Records provided:
== Segment start ==

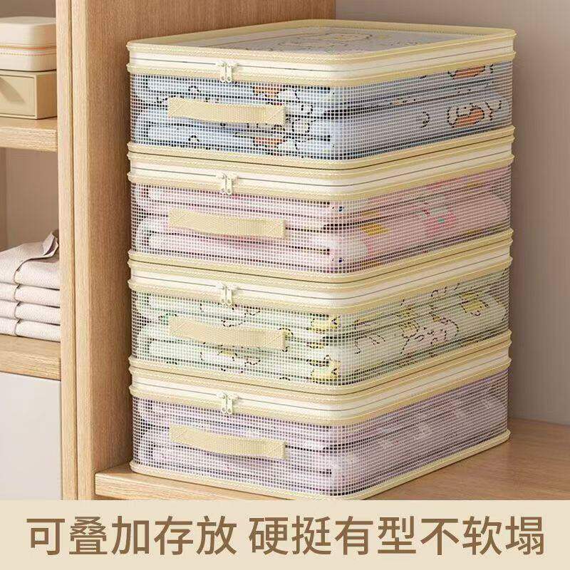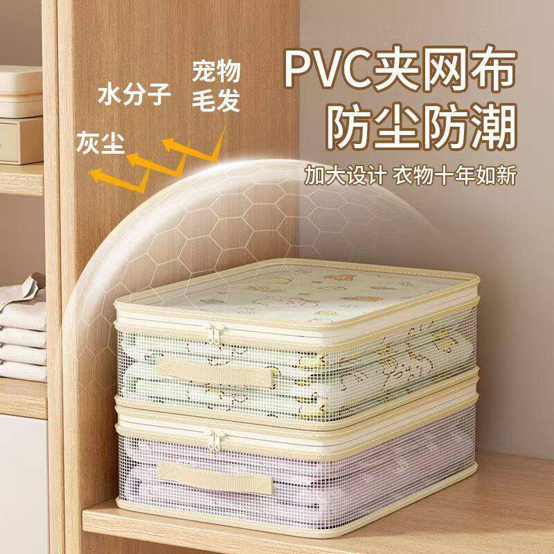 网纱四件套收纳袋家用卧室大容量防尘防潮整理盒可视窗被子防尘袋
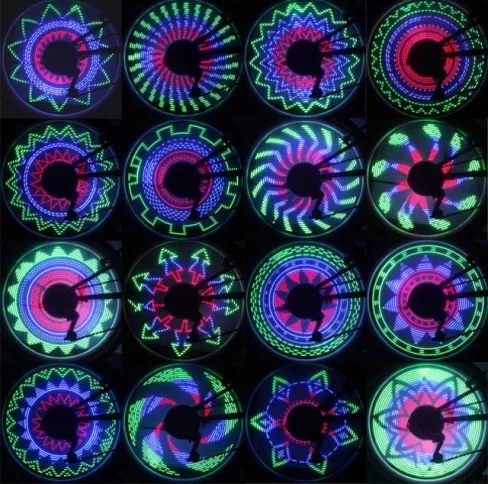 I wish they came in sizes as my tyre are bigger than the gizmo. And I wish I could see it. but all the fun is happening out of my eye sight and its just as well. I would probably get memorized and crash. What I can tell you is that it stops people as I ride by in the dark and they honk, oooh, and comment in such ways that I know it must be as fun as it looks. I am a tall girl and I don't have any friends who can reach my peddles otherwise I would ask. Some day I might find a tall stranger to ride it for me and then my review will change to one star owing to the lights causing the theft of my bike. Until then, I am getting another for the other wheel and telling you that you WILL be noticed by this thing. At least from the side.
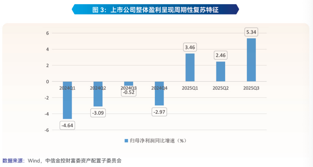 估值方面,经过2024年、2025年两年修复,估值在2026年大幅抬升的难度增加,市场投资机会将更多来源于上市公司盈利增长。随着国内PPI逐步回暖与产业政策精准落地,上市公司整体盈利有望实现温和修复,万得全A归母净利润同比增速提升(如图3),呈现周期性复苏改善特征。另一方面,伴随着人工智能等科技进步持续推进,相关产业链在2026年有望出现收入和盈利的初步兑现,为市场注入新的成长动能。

== Segment end ==
== Segment start ==

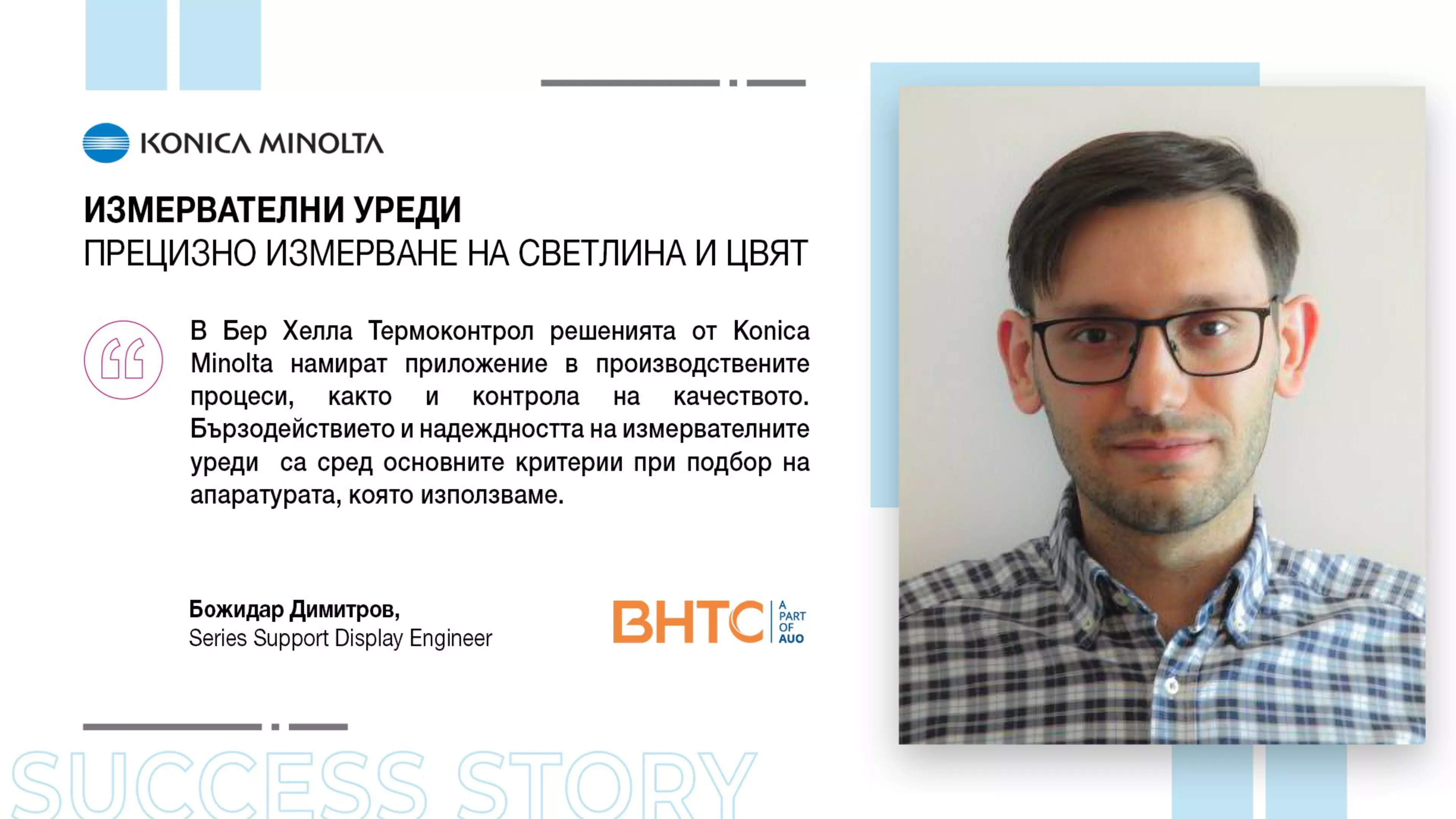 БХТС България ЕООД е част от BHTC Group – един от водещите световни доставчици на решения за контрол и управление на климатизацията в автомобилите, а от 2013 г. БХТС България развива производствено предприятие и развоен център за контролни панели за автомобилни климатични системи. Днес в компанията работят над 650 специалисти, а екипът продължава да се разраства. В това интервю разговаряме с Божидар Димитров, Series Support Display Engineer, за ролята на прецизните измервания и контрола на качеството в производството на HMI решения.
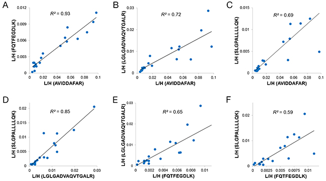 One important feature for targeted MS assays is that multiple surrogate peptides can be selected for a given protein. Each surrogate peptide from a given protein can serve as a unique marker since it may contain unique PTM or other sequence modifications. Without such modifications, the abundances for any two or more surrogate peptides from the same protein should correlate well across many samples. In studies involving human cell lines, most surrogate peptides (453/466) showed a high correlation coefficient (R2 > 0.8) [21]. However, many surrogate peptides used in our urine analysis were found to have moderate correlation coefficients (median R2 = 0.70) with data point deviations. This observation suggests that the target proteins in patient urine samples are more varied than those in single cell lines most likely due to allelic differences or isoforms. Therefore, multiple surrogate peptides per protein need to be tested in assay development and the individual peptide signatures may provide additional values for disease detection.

== Segment end ==

What the task requires:
Although the records hold pictures, the copy must not; give again exactly the lines from the one with "I wish they" through the one with "估值方面,经过2024年、2".

Response:
 I wish they came in sizes as my tyre are bigger than the gizmo. And I wish I could see it. but all the fun is happening out of my eye sight and its just as well. I would probably get memorized and crash. What I can tell you is that it stops people as I ride by in the dark and they honk, oooh, and comment in such ways that I know it must be as fun as it looks. I am a tall girl and I don't have any friends who can reach my peddles otherwise I would ask. Some day I might find a tall stranger to ride it for me and then my review will change to one star owing to the lights causing the theft of my bike. Until then, I am getting another for the other wheel and telling you that you WILL be noticed by this thing. At least from the side.
 估值方面,经过2024年、2025年两年修复,估值在2026年大幅抬升的难度增加,市场投资机会将更多来源于上市公司盈利增长。随着国内PPI逐步回暖与产业政策精准落地,上市公司整体盈利有望实现温和修复,万得全A归母净利润同比增速提升(如图3),呈现周期性复苏改善特征。另一方面,伴随着人工智能等科技进步持续推进,相关产业链在2026年有望出现收入和盈利的初步兑现,为市场注入新的成长动能。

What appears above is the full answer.